Trust in AI vs. human doctors: The roles of subjective understanding, perceived epistemic authority and social proof
Xiaotong Ding, Cai Xing
Abstract
Artificial intelligence (AI) is emerging as a valuable assistant in healthcare and can help alleviate the burden on overstretched medical systems. Yet, despite comparable or superior performance, AI doctors are often trusted less than their human counterparts. To identify the mechanisms underlying this trust disparity, we conducted four studies ( N = 1040). Study 1 utilized self-report measures to provide initial correlational evidence for both mediations. Studies 2a and 2b employed experimental designs to establish causal mediating effects. Study 3 explored a potential boundary condition for the mediation. The results revealed that, subjective understanding and perceived epistemic authority mediated the effect of doctor type (AI vs. human) on trust. Specifically, compared to human doctors, individuals experienced greater subjective difficulty in understanding the diagnostic process of AI, and they perceived AI doctors as possessing lower epistemic authority.

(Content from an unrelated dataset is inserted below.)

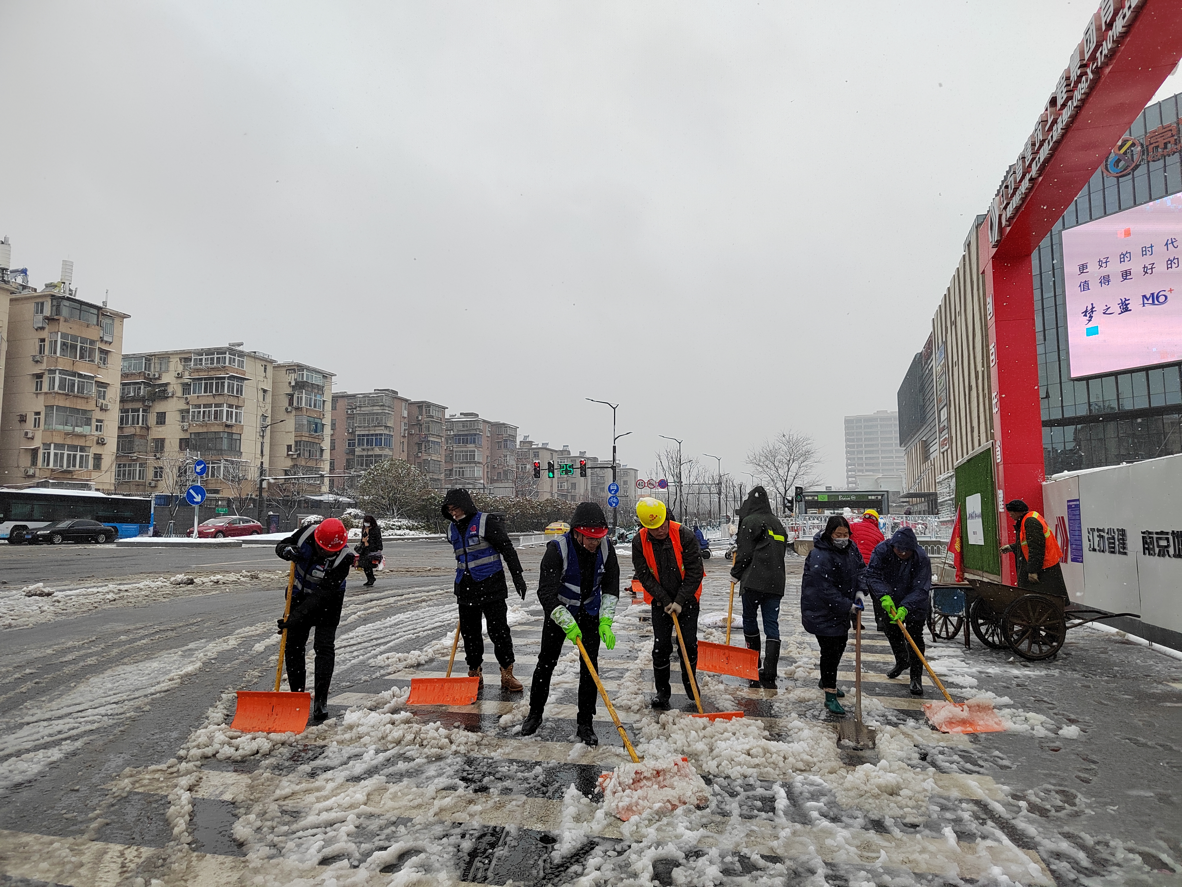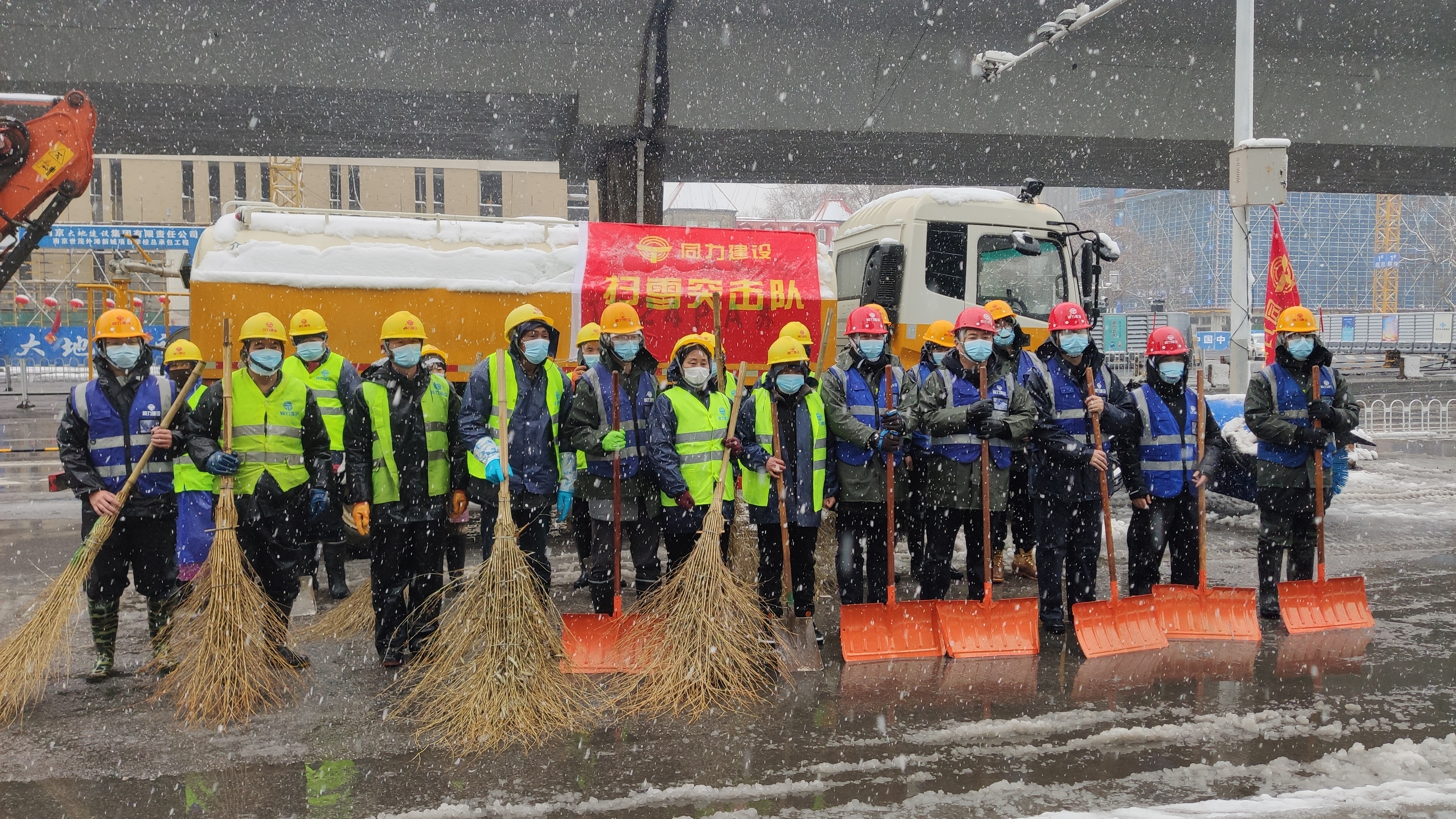 新春佳節(jié)后的第一個(gè)工作日,南京迎來(lái)了虎年的第一場(chǎng)大雪。銀裝素裹的美景為市民帶來(lái)欣喜的同時(shí),也為安全出行帶來(lái)隱患。作為南京建筑業(yè)的中堅(jiān)力量,集團(tuán)第一工程公司和同力建設(shè)按照市除雪防凍指揮部的部署,全力做好掃雪備戰(zhàn)。為保障道路暢通和行人行車(chē)安全,2月7日一早,各項(xiàng)目部以雪為令,迅速響應(yīng),主動(dòng)出擊,紛紛成立掃雪突擊隊(duì),在南京各個(gè)路段開(kāi)展掃雪除冰活動(dòng)。
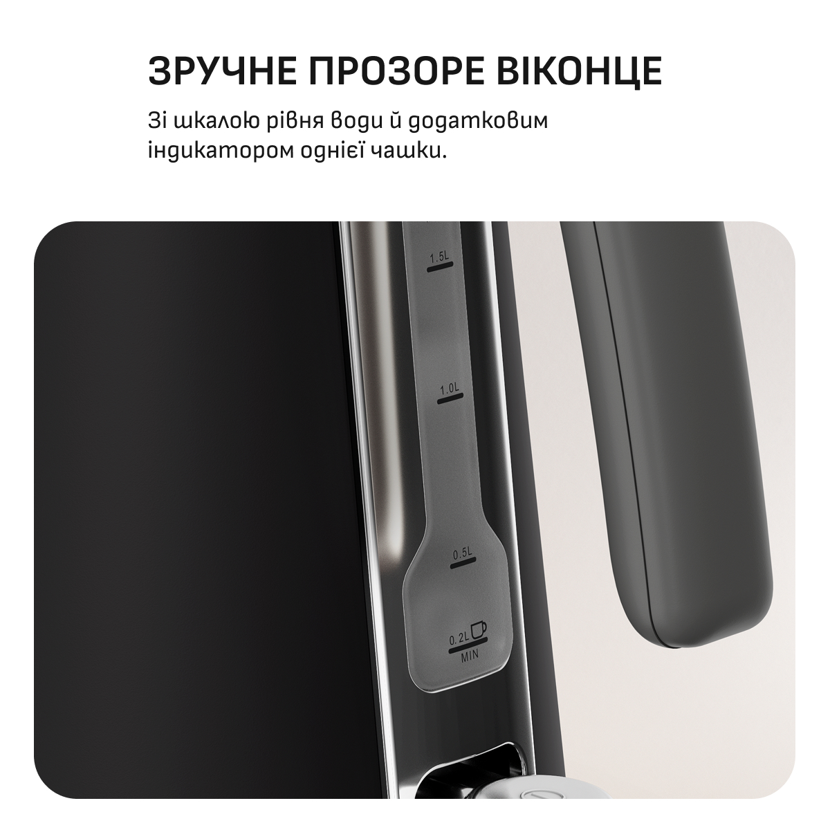 Вбудована шкала рівня води дає змогу точно визначити об'єм води, а індикатор однієї чашки допоможе закип'ятити рівно стільки, скільки вам потрібно.

These ultimately led to the lower levels of trust in AI doctors. Moreover, social proof moderated the mediating effect of subjective understanding but not that of perceived epistemic authority. These findings support and enrich the three-layered model of trust in automation, and offer practical guidance for the development of trustworthy AI doctors. • Individuals show lower trust in AI doctors compared to human doctors. • Subjective understanding mediates the effect of doctor type (AI vs. human) on trust. • Perceived epistemic authority mediates the effect of doctor type (AI vs. human) on trust. • Social proof moderates the mediating effect of subjective understanding. • The research adopts measurement-of-mediation and manipulation-of-mediator designs.